La situation en France avec la CNIL

La Commission nationale de l’informatique et des libertés (CNIL), l’autorité de contrôle en charge de la France et représentant l’Hexagone au G29, est actuellement composée de dix-sept commissaires, dont deux députés et deux sénateurs choisis par les deux chambres du parlement français. Il y a ensuite des membres du Conseil d’État, de la Cour de cassation et de la Cour des comptes.

La CNIL est également composée de trois « personnalités qualifiées pour leur connaissance de l’informatique ou des questions touchant aux libertés individuelles« , qui sont nommées par décret. Les critères de sélection dans cette catégorie sont particulièrement flous. Soulignons toutefois que la loi du 29 mars 2011, qui sur ce point ne s’appliquera qu’à compter du 1er septembre 2012, prévoit un renforcement de l’indépendance et l’impartialité de l’autorité administrative.

« La fonction de président de la commission est incompatible avec toute activité professionnelle, tout mandat électif national, tout autre emploi public et toute détention, directe ou indirecte, d’intérêts dans une entreprise du secteur des communications électroniques ou de l’informatique« . Cela avait permis au sénateur Alex Türk (apparenté UMP) de présider de la CNIL, ce qui semble incompatible avec la neutralité nécessaire à un tel poste.

Vers la création d’un European Data Protection Board

Viviane Reding a également de grandes ambitions pour groupe de travail Article 29 sur la protection des données. Dans son discours, la commissaire européenne souhaite faire évoluer cet organe en une véritable CNIL européenne baptisée l’European Data Protection Board (Conseil européen sur la protection des données personnelles).

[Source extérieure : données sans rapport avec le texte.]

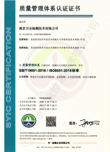 南京萬全檢測技術(shù)有限公司,籌建于2013年1月,注冊資金500萬,公司坐落于南京經(jīng)濟(jì)技術(shù)開發(fā)區(qū)興智路6號(hào)興智科技園A棟17層,實(shí)驗(yàn)室占地面積1750余平米。公司是一家獲得省級CMA計(jì)量認(rèn)證資質(zhì)、具有獨(dú)立法人、政府認(rèn)可的綜合性、專業(yè)性的檢測機(jī)構(gòu)。環(huán)境監(jiān)測業(yè)務(wù)是其重要的檢測業(yè)務(wù)之一,目前已獲得省級計(jì)量資格認(rèn)可項(xiàng)目314項(xiàng),設(shè)備齊全,具有較強(qiáng)的技術(shù)能力。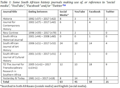 10 To learn whether modern historians have begun to include social media as a source in their research, the author has examined each of the mentioned journals carefully. The online journals were searched with the keywords: "social media", "sosiale media", "YouTube", "Twitter" and "Facebook". Also note the year of publication of each source. Because of the existence of social media prior to YouTube, the entire lifespan (as shown on the Sabinet system) of each journal was investigated.

Pour que la réforme soit efficace, il faut évidemment aboutir à une législation harmonisée entre les pays européens. « Vous savez que je veux une règle unique de protection des données en Europe. Je crois que pour obtenir un niveau de protection élevé, nous avons besoin d’une loi unique et cohérente directement applicable dans tout Étatmembre » a-t-elle commenté.

Au printemps dernier, Viviane Reding avait déjà plaidé pour une coopération renforcée entre les autorités de protection des nations européennes. « La coopération entre les autorités de protection des données des différents États membres doit également être améliorée« , en référence à Google Street View : captation illicite de données personnelles sur les réseaux WiFi non protégés et les ratés de la cartographie.

Des moyens plus importants pour la CNIL ?

En plus d’une indépendance accrue, la réforme imaginée par Viviane Reding et son équipe va-t-elle permettre d’allouer plus de moyens à la Commission nationale de l’informatique et des libertés ? Il faut l’espérer. Rappelons que la CNIL été dotée dans la loi de finances 2010 d’un crédit de 14,71 millions d’euros. Une somme importante à première vue, mais dérisoire au regard de l’importance de ses missions.

À titre de comparaison, la Haute Autorité pour la diffusion des œuvres et la protection des droits sur internet a obtenu un budget large de 12 millions d’euros alors qu’elle compte – à l’époque – trois fois moins d’agents (140 à la CNIL contre une cinquantaine à l’Hadopi). À l’heure actuelle, c’est le parlement qui fixe le budget des deux autorités. Les nouvelles dispositions de la Commission pourraient bousculer tout cela.

Le plan de Bruxelles, s’il est maintenu tel quel, est à première vue une bonne chose. Rappelons en effet que sur l’Hadopi et la riposte graduée, la Commission nationale de l’informatique et des libertés a tenu un rôle particulièrement trouble, pour ne pas dire étrange. Cela ne devrait donc pas faire de mal de veiller à une plus grande indépendance de l’institution, y compris au niveau financier.